Hakan Tecimer: Fenerbahçede oynarken Karşıyakaya röveşata bir gol atmıştım, İzmirde. Sonra Rizesporda oynarken BJKye 30-35 metreden gol atmıştım. GSa karşı oynarken attığım gol -ki o zaman saha topraktı. FB-BJK de şampiyonluk maçı oynarken 2 golü de ben atmıştım. Bunlar unutulmayacak goller. Fenerbahçede oynarken, GS maçında, GS bizi 3-0 yeniyordu. Devre arasında soyunma odasına moralimiz bozuk gittik.

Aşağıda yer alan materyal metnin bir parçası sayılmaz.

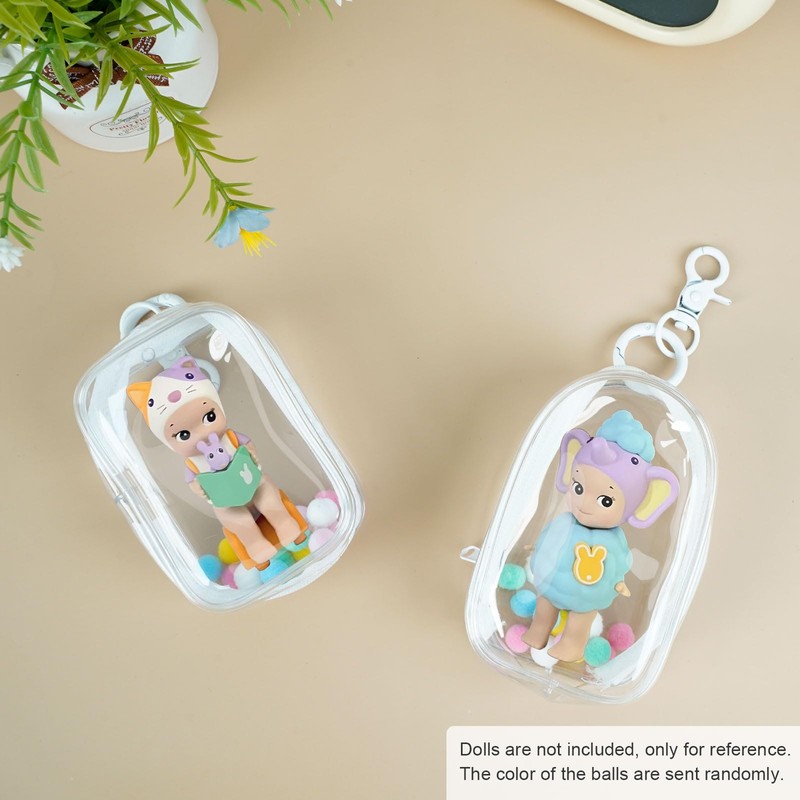 Clear Doll Display Bag Keychain Portable Hanging Figure Storage BagMystery Box Organizer Dustproof Collectibles Display Case for Showing Off Blind Boxes Mini Figures
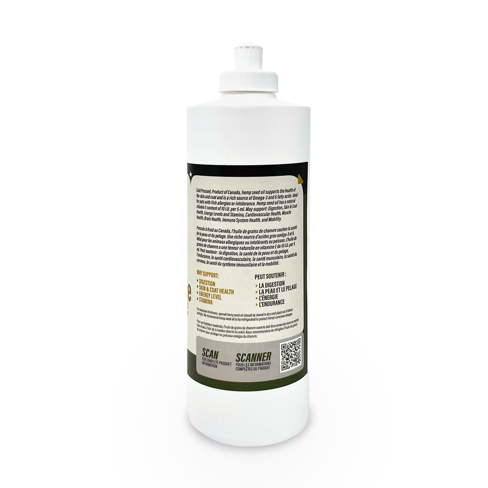 Cold Pressed, Product of Canada, hemp seed oil supports the health of the skin and coat and is a rich source of omega-3 and 6 fatty acids. Ideal for pets with Fish allergies or intolerance. Hemp seed oil has a natural vitamin E content of 10 I.U. per 5 ml. May support: Digestion, Skin & Coat Health, Energy Levels and Stamina, Cardiovascular Health, Muscle Health, Brain Health, Immune System Health, and Mobility
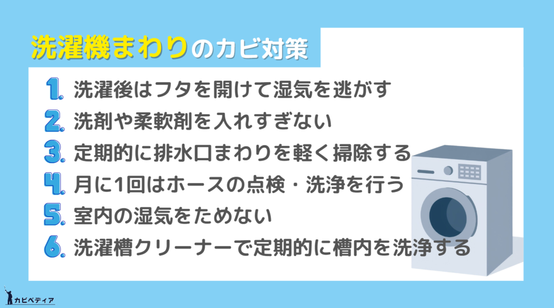 特に梅雨や夏場は湿度が高くなるため、こまめに換気を行い、洗濯機まわりをしっかり乾かすことが大切です。

Hocamız 5-10 dk bizimle hiç konuşmadı. Sonra bize dedi ki;Sizler bu kadroyla onlardan çok daha iyi futbolcularsınız. İsterseniz ikinci yarı bunları yenersiniz. Ama bir tek ikinci yarı sahaya çıktığınızda ilk 10-15 dk içinde 1 tane gol atmanız gerekir. Eğer golü bulursanız ben inanıyorum onları yenersiniz. Başka da ne bir taktik verdi ne de bir şey söyledi. Dediği gibi de oldu. İlk 10 dk Aykut bir gol attı, 3-1 oldu. GS futbolcular birbirleriyle atışmaya başladılar. Saha içinde bizde bunu gördük ve goller üst üste geldi. Rizede ise GSyı 5-1 yenerken de 2 golüm vardı. GS şampiyon oluyordu. Biz GSnın şampiyonluğunu elinden alıyorduk. BJK berabere kalınca GS şampiyon oldu.